SQLServerCentral Article

Querying XML files using SQL 2000

,

Introduction

One of the many useful features gained by SQL Server 2000 is the ability to handle XML documents.

This means that any computer language capable of opening an XML files and calling SQL Server stored procedures can make use of this new ability.

Data types used

SQL Server can use any of the data types used to hold character information.

TEXT and NTEXT cannot be used as local variables and can only be passed as arguments to a stored procedure.

Bare in mind that the Unicode data types consume twice as much memory as the ASCII equivalents.

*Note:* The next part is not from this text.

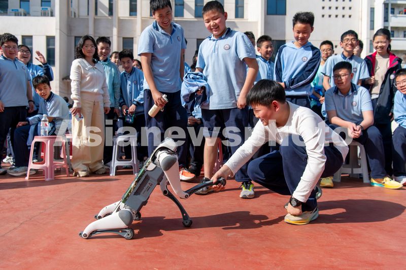 浙江金华:机器狗进校园 激发科技梦想 查看组图
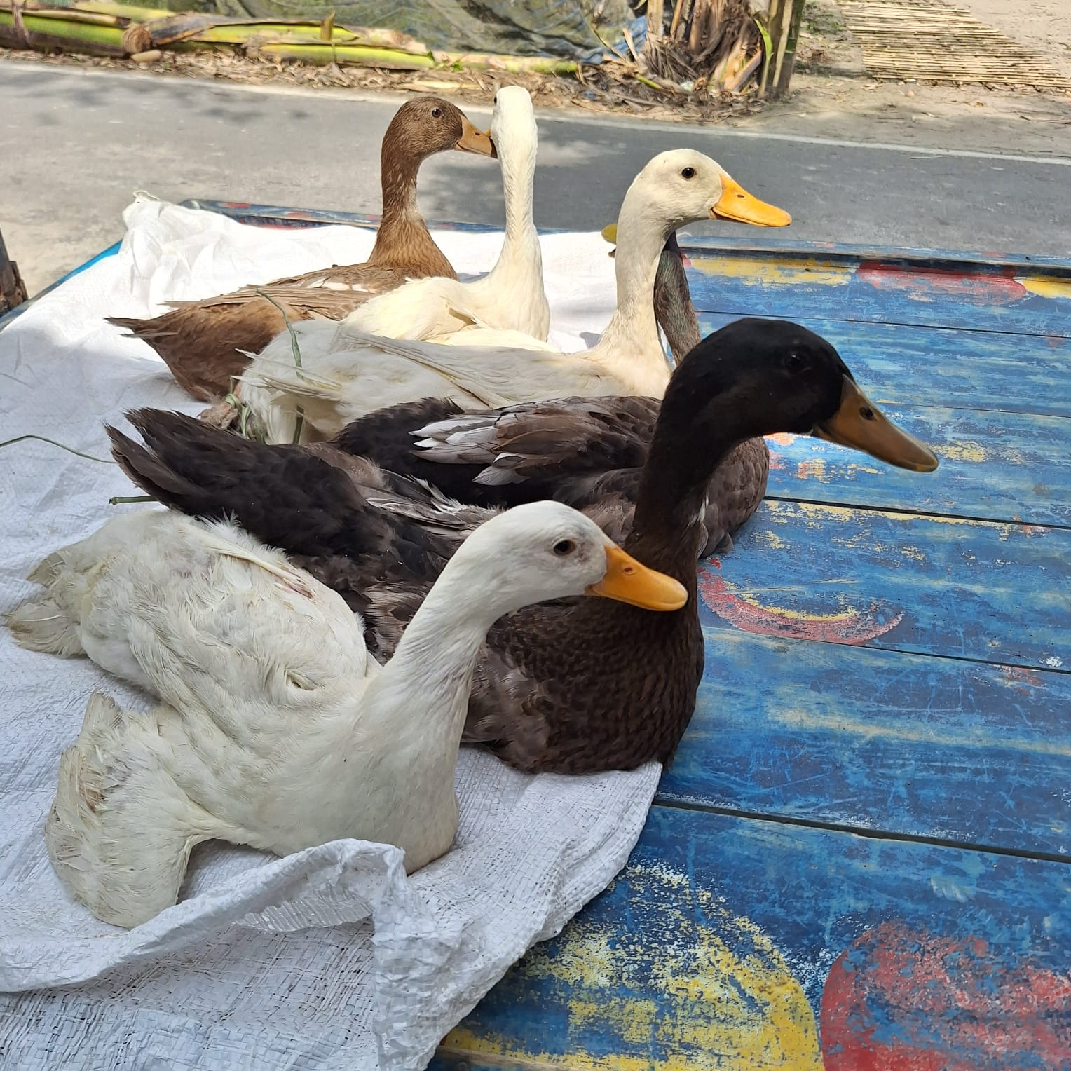 Ducks are a familiar and beloved bird in rural life in Bengal. A few ducks are seen sitting peacefully together. Their white, brown and black-and-white mixed feathers beautifully highlight the diversity of nature. The ducks are resting on a white sack placed on a blue wooden floor, which expresses the simplicity and natural environment of rural life.

ASCII Type Unicode Type Max Size Comment
CHAR NCHAR 8000 Fixed length
VARCHAR NVARCHAR 8000 characters Variable length
TEXT NTEXT 2Gb May require you to use SET TEXTSIZE as the @@TEXTSIZE parameter determines how much data is returned from a TEXT/NTEXT field by a SELECT statement.

SQL Commands Used.

SQL Command Comment
sp_xml_preparedocument

Parses the XML document using MSXML 2.0.

WARNING: - This will use 1/8th of the memory available to SQL Server.

If the procedure is successful it outputs a handle to the XML document as stored in the SQL Server cache.

sp_xml_removedocument

Removes the XML document from the cache and destroys the handle.

OPENXML

Returns the rowset from the prepared XML document.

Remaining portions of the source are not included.